▶ _TO DO_: Transcribe the data that follows without changing a word, and omit the pictures.

▶ _DATA PROVIDED_:
BEGIN

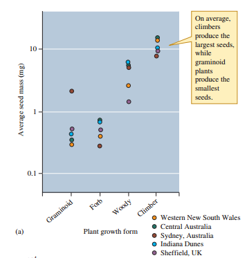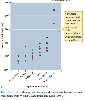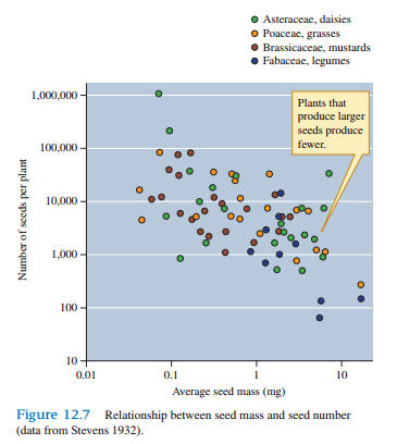 Using what you know about the trade-off between seed number and seed size (e.g., fig. 12.7) and patterns of variation among plants, predict the relative number of seeds produced by the various plant growth forms and dispersal strategies listed in figure 12.8?
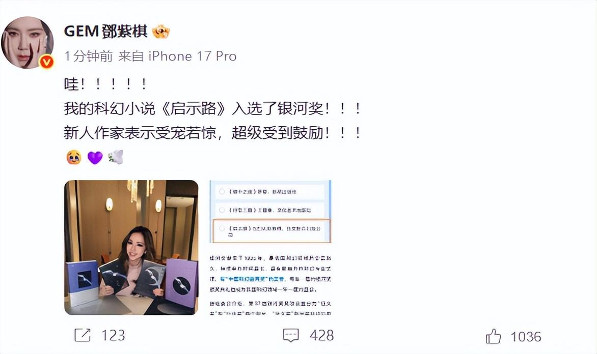 1月4日,邓紫棋发文回应所著小说《启示路》入选银河文学奖:新人作家表示受宠若惊,超级受到鼓励!!!
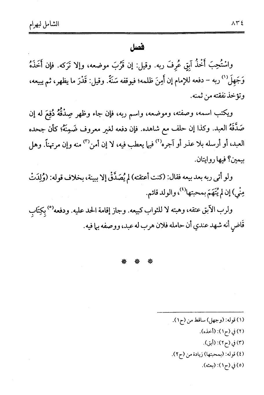 ولو أتى ربه بعد بيعه فقال: (كنت أعتقته) لم يُصَدَّقْ إلا ببينة، بخلاف قوله: (وُلِدَتْ مِنْي) إن لم يُتَهَمَ بمحبتها (4)، والولد قائم.

END

▶ _OUTPUT BELOW_:
 Using what you know about the trade-off between seed number and seed size (e.g., fig. 12.7) and patterns of variation among plants, predict the relative number of seeds produced by the various plant growth forms and dispersal strategies listed in figure 12.8?
 1月4日,邓紫棋发文回应所著小说《启示路》入选银河文学奖:新人作家表示受宠若惊,超级受到鼓励!!!
 ولو أتى ربه بعد بيعه فقال: (كنت أعتقته) لم يُصَدَّقْ إلا ببينة، بخلاف قوله: (وُلِدَتْ مِنْي) إن لم يُتَهَمَ بمحبتها (4)، والولد قائم.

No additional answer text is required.